D. The authors cite studies that highlight the difference between how humans and DNNs represent objects (citations 67-71). Some of those studies though point to the ways in which DNNs do not really represent global shape (e.g. Baker et al. 2020, Geirhos et al. 2021). In order for the comparison of models to be most informative, I think one cannot be just relying on standard ImageNet trained networks unless it is just to make the “mere possibility” claim, per comment A above. I think one would have to do something to try and show that the networks are actually representing shape properties, since under anyone’s view, letters are represented as complex two-dimensional shapes on surfaces (or so I would hope).

For example, to add a suggestion to the list from comment C above, suppose one made a stylized-Letters image set a la Geirhos et al. 2021. Their results suggest that a network trained on stylized object images better represents the actual shape. In fact this is someone one could do for both the objects and letters, stylizing in similar ways. This would make the image sets more comparable, and if the object trained network was still better, then this would indeed support the possibility claim from comment A above.

Minor Comments:

-Capitalization for figure panels changes (L152 vs L156).

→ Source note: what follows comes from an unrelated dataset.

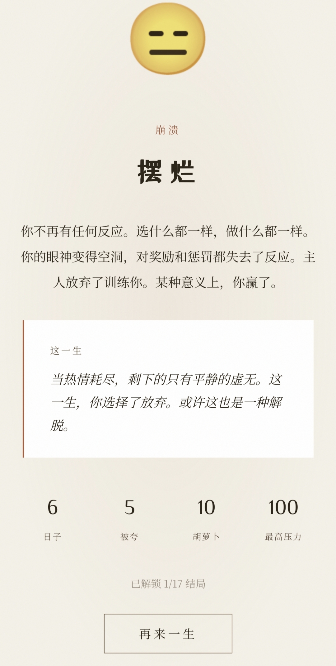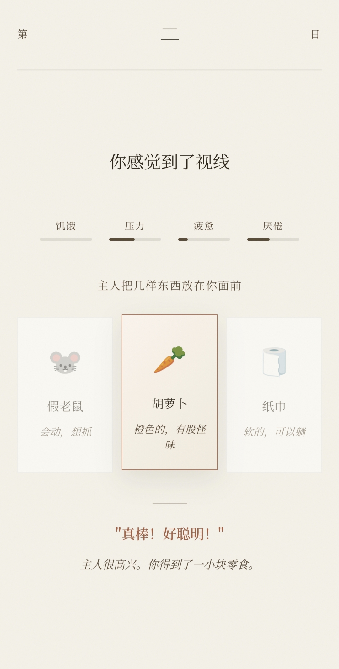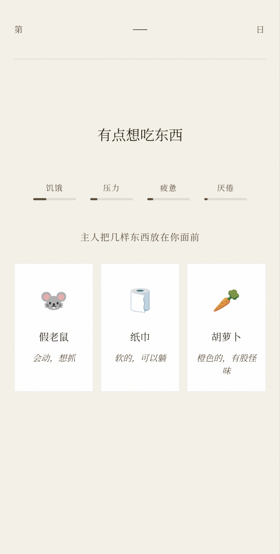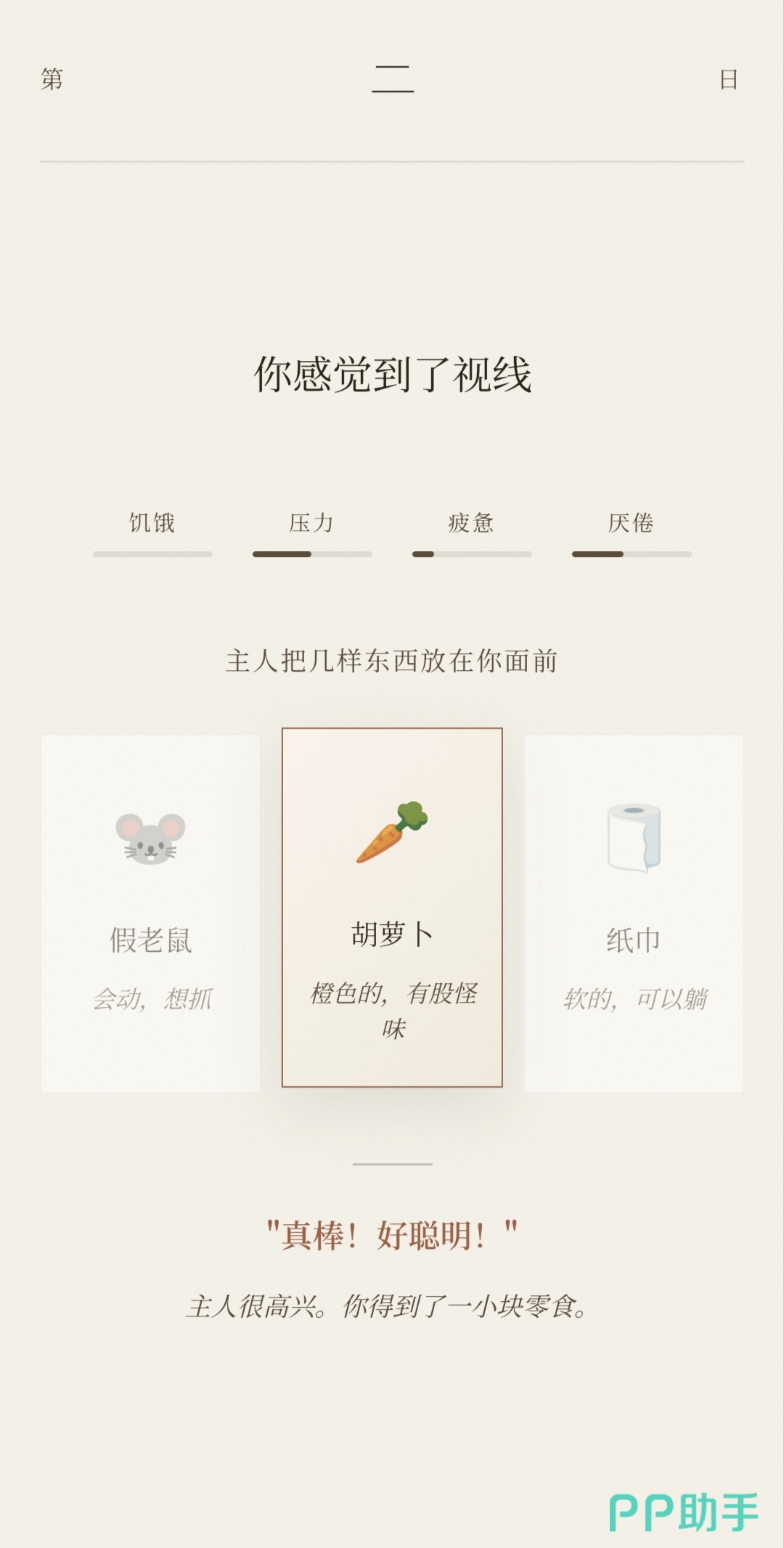 第三个是劳累值数也就是压力值数,在挑选的物品里面,玩家若为主人挑选镜子和红点这些东西,就会大大提高压力值数,这个时候玩家就可以选择纸箱及毛毯,从而来降低猫咪疲劳的指数,以上的三种状态,倘若玩家不及时得到解决和缓解,就会影响猫咪角色的生命力,无法再为玩家选择物品,玩家就会在游戏挑战中面临失败者结果。

-L186 “First, visual feature spaces” ?

- If the similarity is going to be plotted for visual search (Figure 1B) it should be plotted for the categorization data in Figure 2.

-What are the between task reliabilities when split by font? I think it would be helpful to report this in the supplemental.

-I wonder if some of the visualization in Sup. Figure 3 could/should be in the main text.

-I might have missed it, but what were the layer-by-layer correlations between the object and letter networks?

-L473 Although it is tantalizing to know that there is an ongoing fMRI study on this, I think this sentence can be cut.

Reviewer #3: Janini and colleagues investigate the representational space of letter perception in humans using behavior and computational approaches. They find that a neural network trained on general object discrimination matches human behavioral performance on two letter discrimination tasks better than a neural network trained to discriminate letters specifically. The results provide strong support for a domain-general account to letter perception. These data provide important insights into how humans learn and perceive letters. This study will be of broad interest to the cognitive psychology and neuroscience community. Overall, this is a very nice study. Aspects of the analytic approach and data need clarification and further illustration. The authors should better address the degree of task dependency of their results. The discussion section would benefit from discussion of case studies and clarification on the broader impacts of the results.

Specific comments

The finding of correlations between behavior and the object-trained model close to the noise ceiling provides good support for the authors' domain-general account of cortical recycling in letter perception. In general, I agree with this interpretation, but the task demands are particularly important here. Would a task that is geared more towards word reading support a similar conclusion? This is particularly relevant when discussing the current results in relation to the VWFA. Also see the next comment re: behavior of individuals with alexia.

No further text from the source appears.